Instructions to follow: Pictures are to be dropped from the copy. Retype the listing exactly.

Source material:
────────────────────

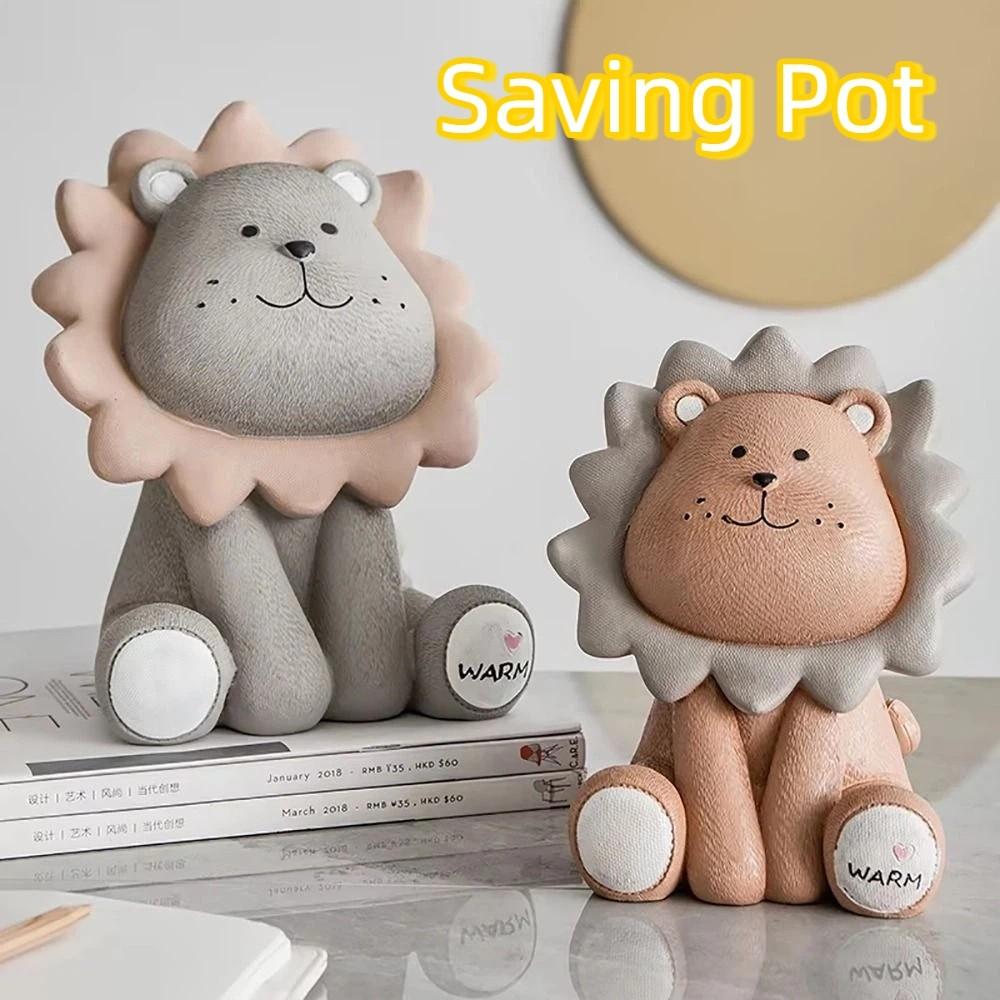 Nordic Style Lion Money Box Resistant Fall Saving Box Animal Figurines Piggy Bank Children Gits
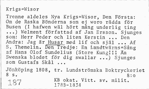 //// Krigs=Wisor //// Trenne aldeles Nya Krigs-Wisor, Den Första: Om de Raska Bönderna som ej woro rädda för Busen (I hafwen wäl hört mång underlig ting ...) Welment författad af Jan Ersson. Sjunges som: Herr Peder och liten Kerstin ... Den Andra: Jag är Husar med lif och själ ... Af S, Themelin. Den Tredje: En Land-twärns=Sång af Hans Olof Sundelius (Store Kung!Il Än Swenska blodet för dig swallar ...) Sjunges som Gustafs Skål ... //// Jönköping 1808, tr. Lundströmska Boktryckeriet 8 s. 8:0 //// -1 qm KB okat. Vitt. sv. milit. //// lö' 1788-1834 ////
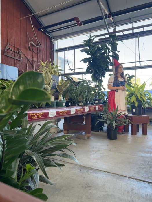 This Made by Us Gnome costume is instantly recognizable by garden fans around the world. It features a dress with a full-length red skirt and lace-up bodice that's trimmed in a gorgeous printed floral design. No need to fiddle with the strings each time, this dress zips up the back for your convenience. A ruched blouse is layered underneath the bodice, matching with the clean tie-on apron. And of course, this look is topped off with a red hat to make your magical gnome appearance complete!
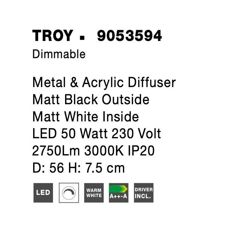 Triac Dimmable Matt Black Metal & Acrylic Diffuser LED 50 Watt 230 Volt 2750Lm 3000K IP20 D: 56 H: 7.5 cm

────────────────────

Task output:
 Nordic Style Lion Money Box Resistant Fall Saving Box Animal Figurines Piggy Bank Children Gits
 //// Krigs=Wisor //// Trenne aldeles Nya Krigs-Wisor, Den Första: Om de Raska Bönderna som ej woro rädda för Busen (I hafwen wäl hört mång underlig ting ...) Welment författad af Jan Ersson. Sjunges som: Herr Peder och liten Kerstin ... Den Andra: Jag är Husar med lif och själ ... Af S, Themelin. Den Tredje: En Land-twärns=Sång af Hans Olof Sundelius (Store Kung!Il Än Swenska blodet för dig swallar ...) Sjunges som Gustafs Skål ... //// Jönköping 1808, tr. Lundströmska Boktryckeriet 8 s. 8:0 //// -1 qm KB okat. Vitt. sv. milit. //// lö' 1788-1834 ////
 This Made by Us Gnome costume is instantly recognizable by garden fans around the world. It features a dress with a full-length red skirt and lace-up bodice that's trimmed in a gorgeous printed floral design. No need to fiddle with the strings each time, this dress zips up the back for your convenience. A ruched blouse is layered underneath the bodice, matching with the clean tie-on apron. And of course, this look is topped off with a red hat to make your magical gnome appearance complete!
 Triac Dimmable Matt Black Metal & Acrylic Diffuser LED 50 Watt 230 Volt 2750Lm 3000K IP20 D: 56 H: 7.5 cm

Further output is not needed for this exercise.